A já não tão curta história da democracia portuguesa abarca complacentes episódios, mais ou menos anedóticos. Em 74 e 75 vivemos sob brasas, em que o virar da esquina era sempre uma grande interrogação. Nasceram e renasceram, porém, neste período, verdadeiros líderes, os quais edificaram, estruturalmente, o edifício democrático do país. Depois disso, depois do alcançamento da sonhada Europa, a nação transfigurou-se. Vieram novos líderes partidários e inventaram-se as jotas, agremiações de miúdos que ansiavam (e anseiam) pela política e falavam (e falam), alegadamente, por todos os jovens do país. Granjearam, em nome dessa juventude que se tornou moda, assento parlamentar e muitos deles reformaram-se (reformam-se?)com trinta e tal anos, em nome das radicais leis de aposentação dos deputados. Outros houve, no entanto, que fizeram da política a sua casa, desprezando, de certa maneira, tudo que é próprio no currículo de cidadãos "normais", que é estudar e depois trabalhar, mesmo que consideremos laboralmente a política.
O enquadramento político-ritualista das juventudes partidárias criou, em grande medida, portanto, uma espécie modus faciendi político fundamentalmente diferenciador dos da primeira geração da nossa democracia. A política como meio individual para chegar a algum lado - nem que seja a um curso superior - sobrepôs-se à política dos valores, feita em nome do bem comum. Se quisermos, é o individualismo - matriz liberalizador da sociedade - a suplantar o coletivo.

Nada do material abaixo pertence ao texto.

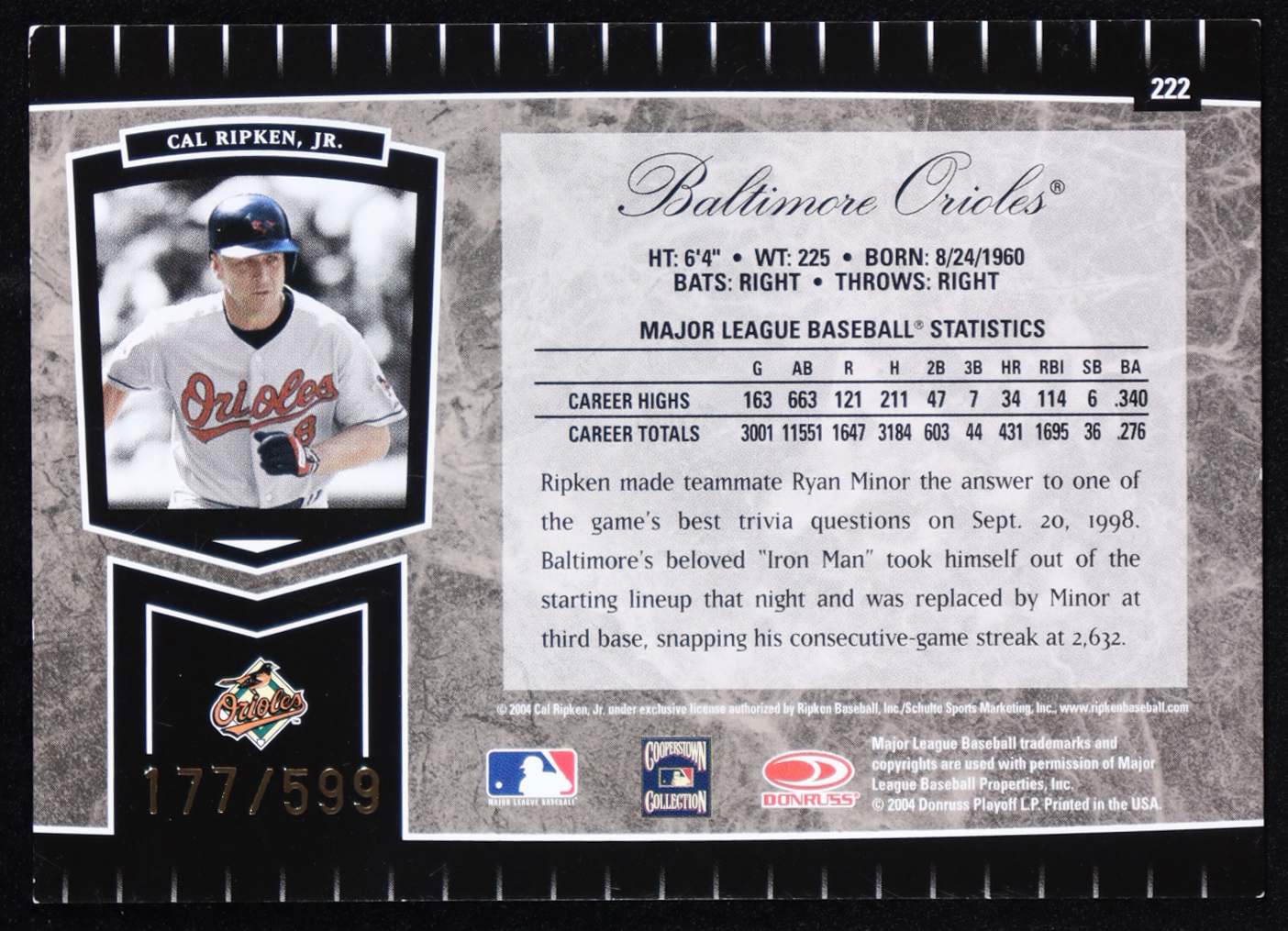 Cal Ripken Jr. 2004 Leaf Certified Cuts LGD #222 #177/599

É neste contexto que surgem os Relvas do sistema. Trabalhadores incansáveis, o seu dinamismo e aparente subserviência ao líder cedo denotam uma capacidade indefetível de sustentação colegial e até de uma certa honestidade intramuros. O grupo que o sustenta não difere muito deste tipo de operacionalização política.
Os Relvas são participativos, subservientes, incansáveis, hipersociáveis, mas também são perigosos. Não para eles, não em grau superior para o partido. A perigosidade dos Relvas da nossa democracia desagua inexoravelmente no país, principalmente quando, de um dia para o outro, os seus currículos ocultos se transformam em currículos oficiosos do regime. Ser ministro, para os Relvas, é o começo de tudo.